Referência do artigo

Um relatório abrangente que analisa os resultados da 8ª Assembleia Geral do Congresso Mundial Uyghur, a nova liderança sob a presidência de Turghunjan Alawudun, graduado por Al-Azhar, e a escalada da repressão transnacional em 2026.

  • Um relatório abrangente que analisa os resultados da 8ª Assembleia Geral do Congresso Mundial Uyghur, a nova liderança sob a presidência de Turghunjan Alawudun, graduado por Al-Azhar, e a escalada da repressão transnacional em 2026.
Categoria
Patrimônio da Resistência
Autor
Julian Bishop (@julianbishop)
Publicado
24 de fevereiro de 2026 às 23:53
Atualizado
2 de maio de 2026 às 13:37
Acesso
Artigo público

Introdução: A questão Uyghur como parte integrante do corpo da Nação

Diante da escalada dos desafios geopolíticos que o mundo islâmico enfrenta, a questão do povo Uyghur no Turquestão Oriental surge como uma das feridas mais profundas no corpo da Nação (o corpo único). O **Congresso Mundial Uyghur (WUC)**, com sede em Munique, é a organização internacional mais proeminente que assume a responsabilidade de defender os direitos deste povo muçulmano, buscando restaurar sua identidade religiosa e cultural roubada sob o peso das políticas de repressão sistemática praticadas pelas autoridades chinesas [Source](https://www.uyghurcongress.org).
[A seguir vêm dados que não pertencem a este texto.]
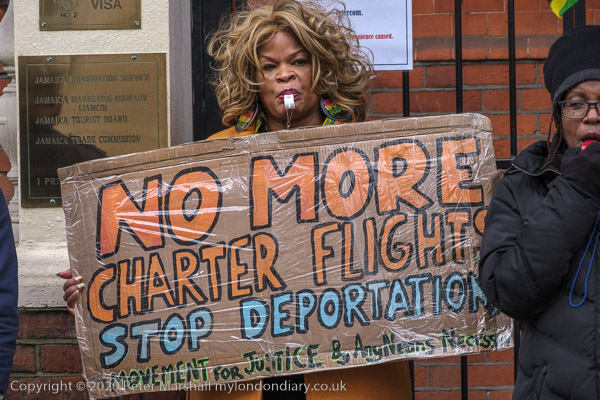 Movement for Justice lead a protest outside the Jamaican High Commission demanding Jamaica end accepting Britain's racist deportation flights.

Ao chegarmos em 2026, o Congresso entra em uma fase crucial de sua luta, armado com uma nova liderança e movimentos jurídicos internacionais sem precedentes para enfrentar o genocídio cultural e religioso.

A 8ª Assembleia Geral em Sarajevo: O simbolismo do local e os desafios da repressão

A capital da Bósnia, Sarajevo, sediou, entre 24 e 27 de outubro de 2024, a 8ª Assembleia Geral do Congresso Mundial Uyghur, um marco histórico carregado de significados profundos [Source](https://www.uyghurcongress.org/en/press-release-uyghur-delegates-elect-new-wuc-leadership-at-8th-general-assembly/). A escolha de Sarajevo, cidade que testemunhou as tragédias do genocídio nos anos 90, serviu para conectar o sofrimento dos muçulmanos nos Bálcãs com o sofrimento dos Uyghurs hoje, sob o lema "Do Genocídio Bósnio ao Genocídio Uyghur: Lições Aprendidas" [Source](https://bitterwinter.org/the-world-uyghur-congress-after-sarajevo-where-do-they-go-from-here/).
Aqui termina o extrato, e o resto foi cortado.